When designing a brand new robot, it’s usually a good idea to design and test it in simulation first, to get a sense of how well your design is going to work. But even a successful simulated robot will only provide you limited insight into how it’s going to do when you actually build it: as we’ve seen, even sophisticated simulations don’t necessarily reveal how robots will perform in the real world.

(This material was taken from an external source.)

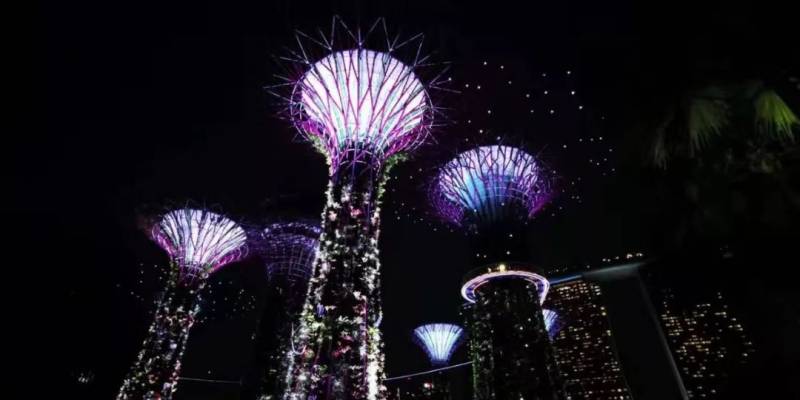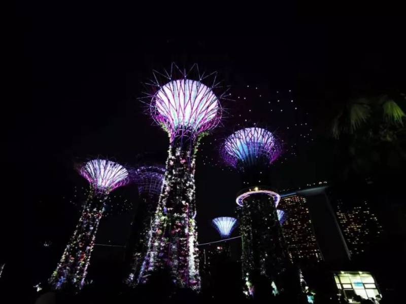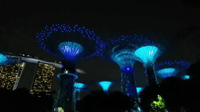 所有人都围坐在超级树下面的草坪和台阶上,像在等待一场大型live show。其实也可以称得上是live show吧,在古典圆舞曲的伴奏下,灯光随着旋律起舞。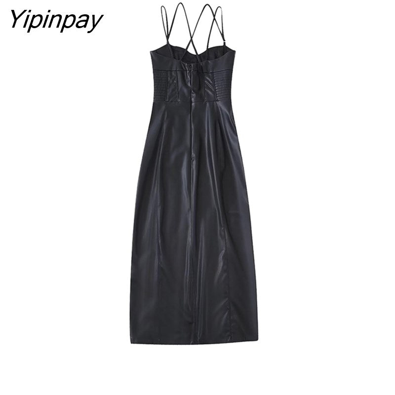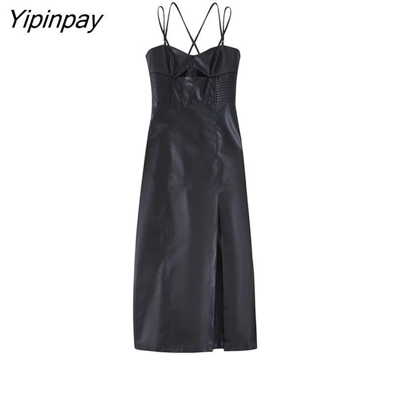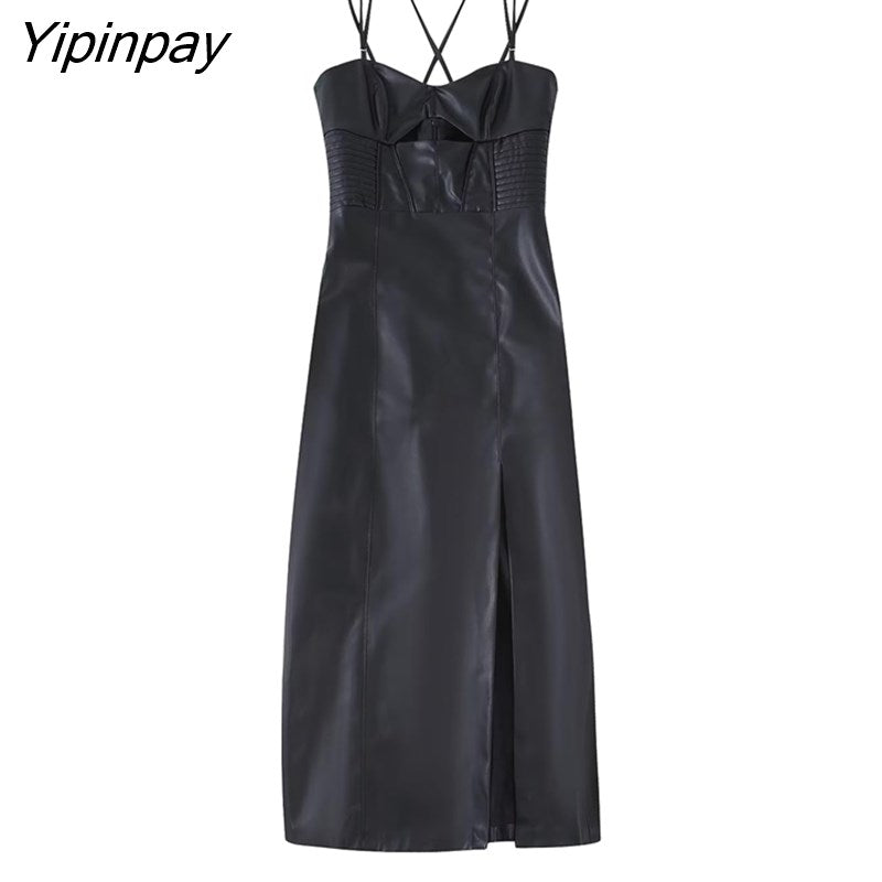 Yipinpay Elegant Autumn Women Faux-leather Dresses 2023 Fashion PU Solid Vestidos With Stitching Sleeveless Backless Pullover Dress

This fundamental disconnect between simulation and reality becomes especially problematic when you’re dealing with an area of robotics where it’s impractical to build physical versions of everything. Evolutionary robotics is a very good example of this, where robot designs are tested and iterated over hundreds (or thousands) of generations: it works great in simulation (if you have a fast computer), but is much harder to do in practice. However, with something like evolutionary robotics, we come back to the original issue, which is that a robot that has evolved to work well in simulation may not work well at all out of simulation, which throws into question the value of iterating on the fitness of a robot through simulation at all.
In a paper published last month in PLOS ONE, Luzius Brodbeck, Simon Hauser, and Fumiya Iida from the Institute of Robotics and Intelligent Systems at ETH Zurich took things one step further by teaching a “mother robot” to autonomously build children robots out of component parts to see how well they move, doing all of the hard work of robot evolution without any simulation compromises at all.